Approximately 250 people attended the symposium organized by the ASEAN-Japan Centre (AJC), the Economic Research Institute for ASEAN and East Asia (ERIA) and the ASEAN Committee in Tokyo (ACT).

The event celebrated and highlighted the release of five reports that are also titled “ASEAN@50” published by ERIA, and provided a panoramic perspective and analysis of ASEAN’s 50 years of history and the member states. There was also an opportunity to discuss the future of ASEAN.

The five-volume reports “ASEAN@50” give in-depth analysis on ASEAN’s 50-year journey in various aspects. The reports, introduced by ERIA President Hidetoshi Nishimura, focus not only on the reflections of ASEAN leaders and officials, economic transformation and integration, political security and sociocultural reflections and the future of the ASEAN economic community, but also the voices of the people of Southeast Asia.

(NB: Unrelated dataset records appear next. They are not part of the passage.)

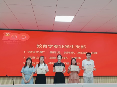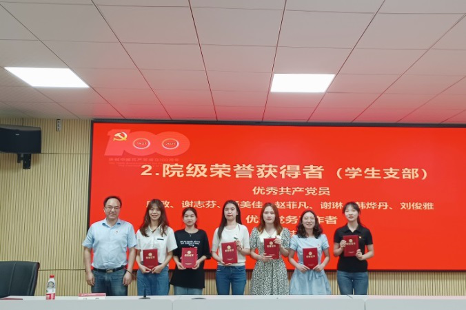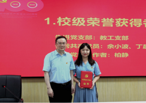 在今年上半年的党史学习教育中,学院涌现出一大批积极分子。教工支部书记朱恬恬、辅导员柏静分别为教工支部、学生支部“党史学习教育”学习积极分子颁发奖状。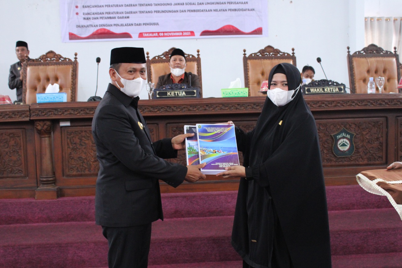 MANIFESTO, TAKALAR- Bupati Takalar Syamsari Kitta menyerahkan dokumen serta penjelasan terhadap Ranperda tentang perubahan Perda nomor 6 tahun 2012 tentang RTRW tahun 2012-2031 kepada DPRD Takalar dalam Rapat Paripurna DPRD Takalar, Senin (8/11/2021) siang.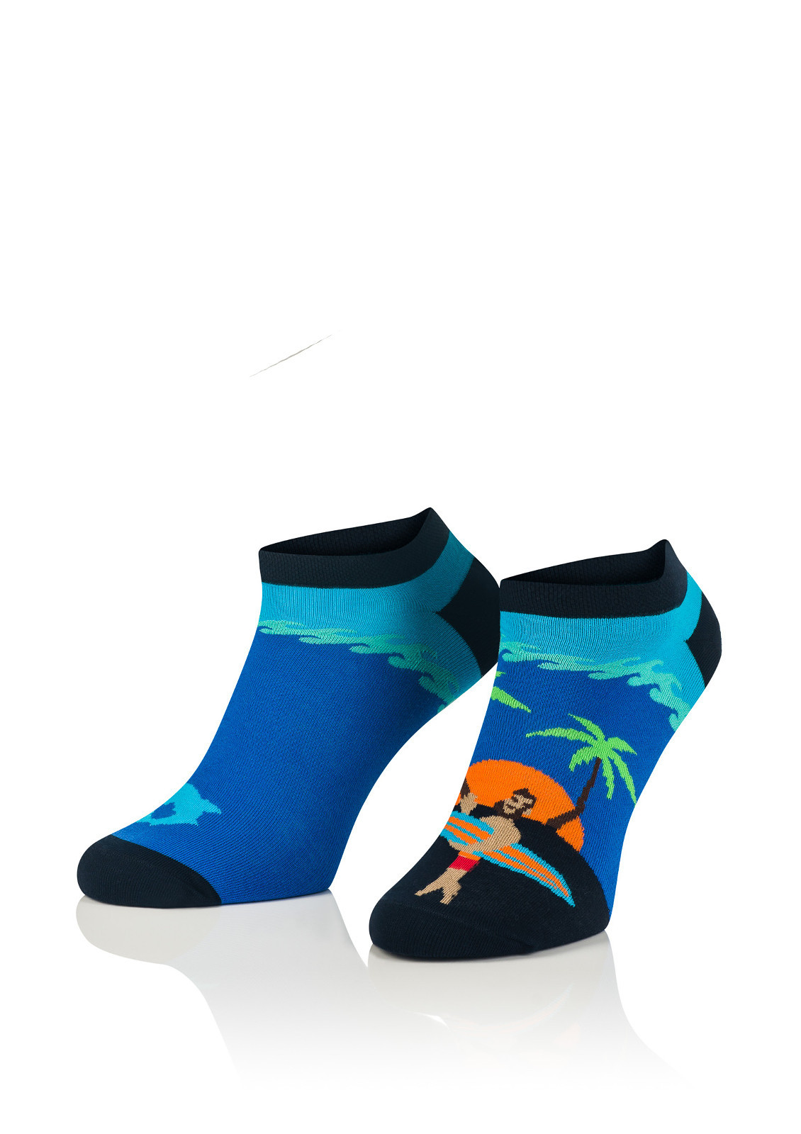 Vzorované pánské ponožky, které jsou vyrobené z velmi kvalitní bavlny. Ploché švy a lem, který při nošení netlačí, jsou zárukou pohodlí a komfortu. Dostupné barvy, které jsou vybírány náhodně: černá, bílá, tyrkysová, chrpová. Složení: 78 % bavlna, 20 % polyamid, 2 % elastan.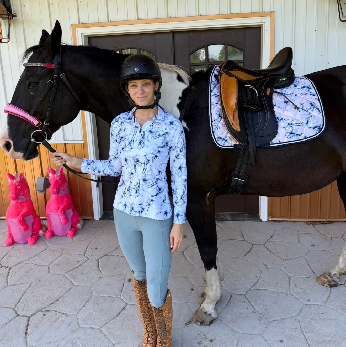 Penny Equestrian Apparel runs true to normal women's apparel sizing but that can mean a lot of different thins. Use this guide the help you. Consider sizing down for a fitted look if in-between sizes or sizing up if large-chested or prefer a less fitted look.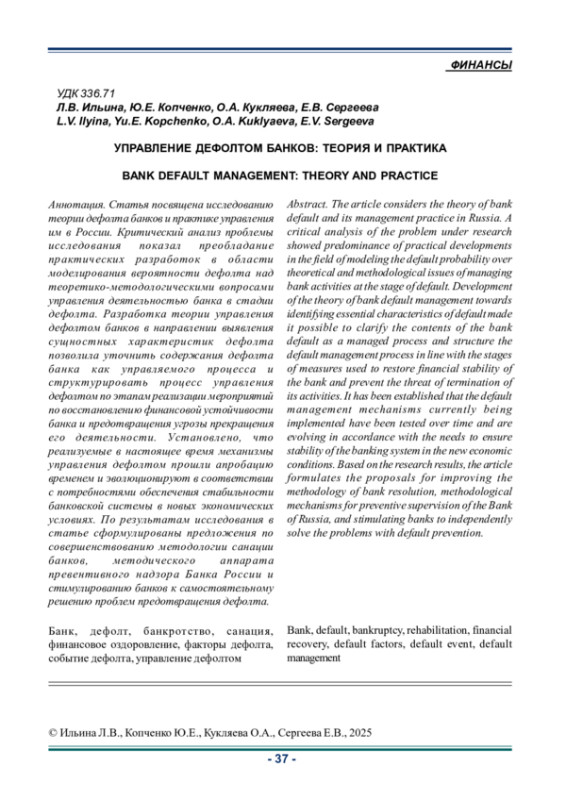 Статья посвящена исследованию теории дефолта банков и практике управления им в России. Критический анализ проблемы исследования показал преобладание практических разработок в области моделирования вероятности дефолта над теоретико-методологическими вопросами управления деятельностью банка в стадии дефолта. Разработка теории управления дефолтом банков в направлении выявления сущностных характеристик дефолта позволила уточнить содержания дефолта банка как управляемого процесса и структурировать процесс управления дефолтом по этапам реализации мероприятий по восстановлению финансовой устойчивости банка и предотвращения угрозы прекращения его деятельности. Установлено, что реализуемые в настоящее время механизмы управления дефолтом прошли апробацию временем и эволюционируют в соответствии с потребностями обеспечения стабильности банковской системы в новых экономических условиях. По результатам исследования в статье сформулированы предложения по совершенствованию методологии санации банков, методического аппарата превентивного надзора Банка России и стимулированию банков к самостоятельному решению проблем предотвращения дефолта.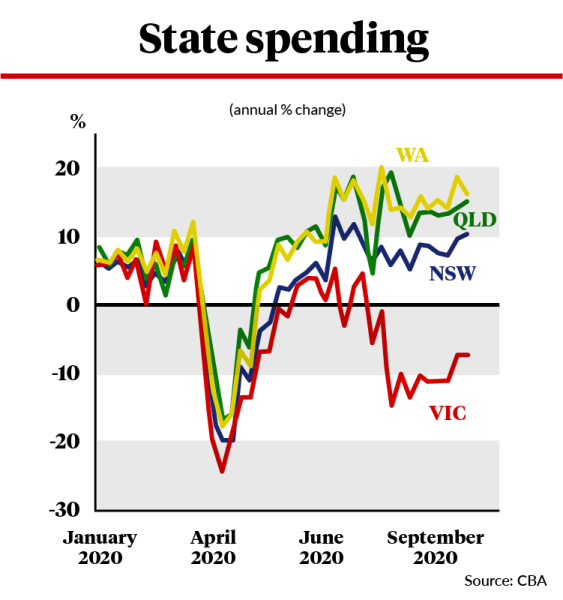 CBA senior economist Belinda Allen said the figures pointed to a gradual momentum in the country’s larger states, driven by optimism around lower case numbers and economic reopening.

The symposium started with welcome remarks by AJC Secretary-General Masataka Fujita, who explained that the symposium was meant to consider benefits and costs of ASEAN’s regional integration deepened in the past 50 years through panel discussions on ASEAN centrality and its community building process, as well as issues related to the ASEAN Economic Community by prominent experts in the ASEAN studies.

It was followed by remarks by Japan’s State Minister for Foreign Affairs Kazuyuki Nakane who extended his expectation toward AJC to effectively implement its activities taking diverse efforts of exchanges into account and continue to serve as a bridge between ASEAN and Japan; and toward ERIA to continue its intellectual contribution for the regional development. He also emphasized that Japan wants to continue its amicable relations with ASEAN built up by predecessors and pledged to develop the relations further.

Parliamentary Vice-Minister of Economy, Trade and Industry Masaki Ogushi also made remarks, stressing that ASEAN has been indispensable partner for Japan since they started dialogue in 1973. He mentioned that Japan wishes to maintain and develop the partnership for further economic integration and emerging social challenges.

The panel discussion in the symposium was concluded by the AJC’s Fujita. He mentioned that Japan should further seek ways to contribute to the enhancement of ASEAN’s resilient, dynamic, people-oriented and people-centered community. He also commented that the future success of ASEAN in the fast-paced era of digital economies powered by information and communication technologies will require continued interaction between the public and private sectors, as well as the commitment from businesses to further the direct relations among the member states.

The highlight of the symposium was the keynote speech by Liberal Democratic Party Secretary-General Toshihiro Nikai. In his speech, he mentioned that even though there have been times when the rapid expansion of trade, investment and support between Japan and ASEAN was misunderstood and many of the group’s members reacted with aversion during the early stages of ASEAN’s establishment, Japan’s continued efforts to promote the equal partnership, as well as ASEAN’s flexible, strong and collective wisdom based on its ability to focus on being realistic has succeeded in creating a solid ASEAN-Japan bond.

“A fixed image of a country provides a basis for prejudices, which only leads to unproductive results. We should continue constructive discussions based on reality through substantive cultural and tourism exchanges that prevent prejudices from being formed,” said Nikai, emphasizing Japan’s position to further enhance its contribution to and partnership with ASEAN.

In the closing remarks of the symposium, Ambassador of Brunei Darussalam to Japan Kamilah Hanifah, who is also an ACT chair, commented that the member states of ASEAN have been working closely with one another, and with partners and friends such as Japan to build an inclusive, peaceful and prosperous region.

She also mentioned that stronger partnership with Japan is necessary as ASEAN proceeds to the next level of open regionalism and challenges the rising trend of protectionism in the coming decade.

The symposium marked the final event in a series of celebrations for ASEAN’s 50th anniversary in Japan by AJC that began on Aug. 8, ASEAN’s founding day, last year. It served as an opportunity to reflect on ASEAN’s 50 years development and to reaffirm solid ASEAN-Japan relations for many years to come.